● **What needs to be done**: Reproduce only the lines below from the line containing "Under Mapper details, in" to the line containing "Temperament: Italian Greyhounds", exactly as written, with both end lines kept. Omit the pictures.

● **Information**:
• • • • • • •
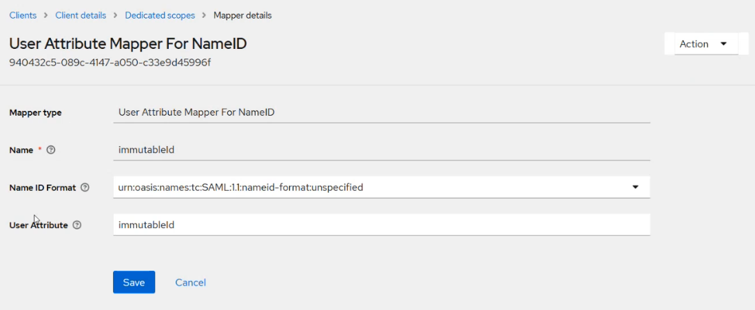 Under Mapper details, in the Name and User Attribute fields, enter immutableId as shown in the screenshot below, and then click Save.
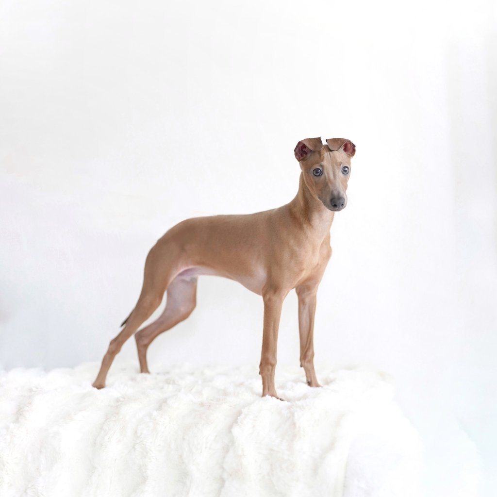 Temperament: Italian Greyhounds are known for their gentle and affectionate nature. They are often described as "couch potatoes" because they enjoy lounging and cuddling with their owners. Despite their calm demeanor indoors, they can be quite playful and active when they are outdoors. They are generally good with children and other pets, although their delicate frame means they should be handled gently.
• • • • • • •
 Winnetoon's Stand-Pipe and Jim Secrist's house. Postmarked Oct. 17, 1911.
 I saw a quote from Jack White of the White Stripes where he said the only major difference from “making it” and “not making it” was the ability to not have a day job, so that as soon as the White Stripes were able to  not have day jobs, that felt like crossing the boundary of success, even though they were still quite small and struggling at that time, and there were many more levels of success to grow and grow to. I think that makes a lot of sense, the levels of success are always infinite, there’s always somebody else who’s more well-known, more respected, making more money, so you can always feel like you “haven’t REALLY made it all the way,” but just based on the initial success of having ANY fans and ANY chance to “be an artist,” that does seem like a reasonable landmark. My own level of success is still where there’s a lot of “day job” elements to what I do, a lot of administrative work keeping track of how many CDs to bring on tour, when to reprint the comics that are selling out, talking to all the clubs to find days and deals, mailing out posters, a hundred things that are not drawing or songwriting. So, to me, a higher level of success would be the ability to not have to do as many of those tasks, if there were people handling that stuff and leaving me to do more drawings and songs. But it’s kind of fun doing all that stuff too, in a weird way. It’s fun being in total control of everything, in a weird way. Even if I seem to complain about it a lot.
• • • • • • •
● **Solution to this task**:
 Under Mapper details, in the Name and User Attribute fields, enter immutableId as shown in the screenshot below, and then click Save.
 Temperament: Italian Greyhounds are known for their gentle and affectionate nature. They are often described as "couch potatoes" because they enjoy lounging and cuddling with their owners. Despite their calm demeanor indoors, they can be quite playful and active when they are outdoors. They are generally good with children and other pets, although their delicate frame means they should be handled gently.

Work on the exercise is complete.